AT&T's $85.4 billion megadeal to acquire Time Warner is an unprecedented bid to diversify the telecom giant as network operators nationwide scramble to marry their communications pipes with exclusive content. For many of these firms, it's no longer enough to be the conduit to TV shows, films and other creative media. A growing number of them want to be making money from the production and cross-promotion of content, too.
Against this backdrop is Verizon, AT&T's biggest rival in the wireless industry, which has made its own moves toward gaining access to content. But some analysts say the outlook for Verizon is beginning to look gloomier as AT&T barreled to a deal with Time Warner on Saturday.

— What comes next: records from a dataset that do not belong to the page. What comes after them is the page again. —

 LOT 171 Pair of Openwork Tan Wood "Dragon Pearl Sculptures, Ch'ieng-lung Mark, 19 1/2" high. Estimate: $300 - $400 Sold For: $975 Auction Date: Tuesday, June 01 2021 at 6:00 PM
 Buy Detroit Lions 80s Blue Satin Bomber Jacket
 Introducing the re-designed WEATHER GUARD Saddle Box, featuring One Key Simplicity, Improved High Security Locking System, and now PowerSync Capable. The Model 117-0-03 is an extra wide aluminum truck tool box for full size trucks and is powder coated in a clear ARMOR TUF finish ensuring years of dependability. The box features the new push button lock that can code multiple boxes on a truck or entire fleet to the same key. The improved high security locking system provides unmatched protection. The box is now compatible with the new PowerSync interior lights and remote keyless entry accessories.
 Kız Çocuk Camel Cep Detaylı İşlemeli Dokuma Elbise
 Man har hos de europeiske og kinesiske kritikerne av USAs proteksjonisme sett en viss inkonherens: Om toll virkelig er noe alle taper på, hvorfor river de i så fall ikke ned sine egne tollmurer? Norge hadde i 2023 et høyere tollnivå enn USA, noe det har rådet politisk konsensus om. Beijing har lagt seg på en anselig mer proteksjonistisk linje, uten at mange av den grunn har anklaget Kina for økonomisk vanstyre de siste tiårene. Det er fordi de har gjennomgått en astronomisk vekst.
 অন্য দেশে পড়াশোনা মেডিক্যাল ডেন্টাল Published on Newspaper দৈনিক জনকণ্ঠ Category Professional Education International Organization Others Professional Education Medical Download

“You've got the big-league players, and you've got the second-string players,” said Jeff Kagan, an independent telecom analyst. “Verizon — the moves they've made, they make it look more like a second-string player.”
A Verizon spokesman didn't respond to a request for comment.

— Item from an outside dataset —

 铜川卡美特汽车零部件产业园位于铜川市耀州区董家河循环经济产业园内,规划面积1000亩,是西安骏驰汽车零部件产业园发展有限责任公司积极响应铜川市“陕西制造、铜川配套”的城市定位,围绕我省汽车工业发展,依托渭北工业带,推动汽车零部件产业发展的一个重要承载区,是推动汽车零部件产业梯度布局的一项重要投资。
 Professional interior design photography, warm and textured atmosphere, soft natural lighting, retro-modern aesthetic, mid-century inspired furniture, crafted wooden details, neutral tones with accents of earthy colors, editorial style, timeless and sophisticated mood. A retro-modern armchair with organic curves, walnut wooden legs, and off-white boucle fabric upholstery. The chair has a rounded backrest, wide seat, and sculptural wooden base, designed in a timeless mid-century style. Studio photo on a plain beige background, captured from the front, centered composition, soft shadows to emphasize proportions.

Verizon has made headlines recently with its acquisitions of AOL and Yahoo, both icons of the early Internet that later fell on hard times.
The underlying logic of those deals is rooted in the same dynamic driving the rest of the industry. Verizon primarily purchased AOL for its substantial ad-targeting technology, which will allow Verizon to turn online video viewers into revenue more easily. Yahoo, whose site remains one of the Internet's top destinations after Google and Facebook according to the market research firm ComScore, is notable for the millions of viewers it attracts each month.

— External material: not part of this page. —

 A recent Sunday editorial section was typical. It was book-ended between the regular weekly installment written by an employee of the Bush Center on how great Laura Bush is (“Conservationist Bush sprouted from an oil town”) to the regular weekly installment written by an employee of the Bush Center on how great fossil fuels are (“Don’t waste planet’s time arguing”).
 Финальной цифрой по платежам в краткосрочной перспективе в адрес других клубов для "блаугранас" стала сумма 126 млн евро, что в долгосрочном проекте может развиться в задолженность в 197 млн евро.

But what Verizon gets out of AOL and Yahoo may pale in contrast to what AT&T is now getting with Time Warner, a media titan that includes a major movie studio; a global, 24/7 cable news network; and rights to some of the most recognizable names in pop culture, such as Batman, Superman and Harry Potter.
“It’s hard to compare what Verizon has bought . . . with the quality of what Time Warner offers,” Walt Piecyk, a telecom analyst at BTIG, wrote in a research note Saturday. “In fact, Verizon bought the AOL asset that Time Warner didn’t want. There is no indication Verizon’s strategy will change and frankly few, if any, alternatives that remain.”
Yahoo's disclosure in September of a historic data breach affecting at least 500 million user accounts has cast a big cloud over Verizon's purchase. That news was further compounded when the public learned that top Yahoo executives had secretly worked with intelligence officials to scan customer emails — without the knowledge of its chief information security officer, who quit the company in protest when he discovered the arrangement.
Now, Verizon may face pressure to match AT&T's moves. But it is unclear how.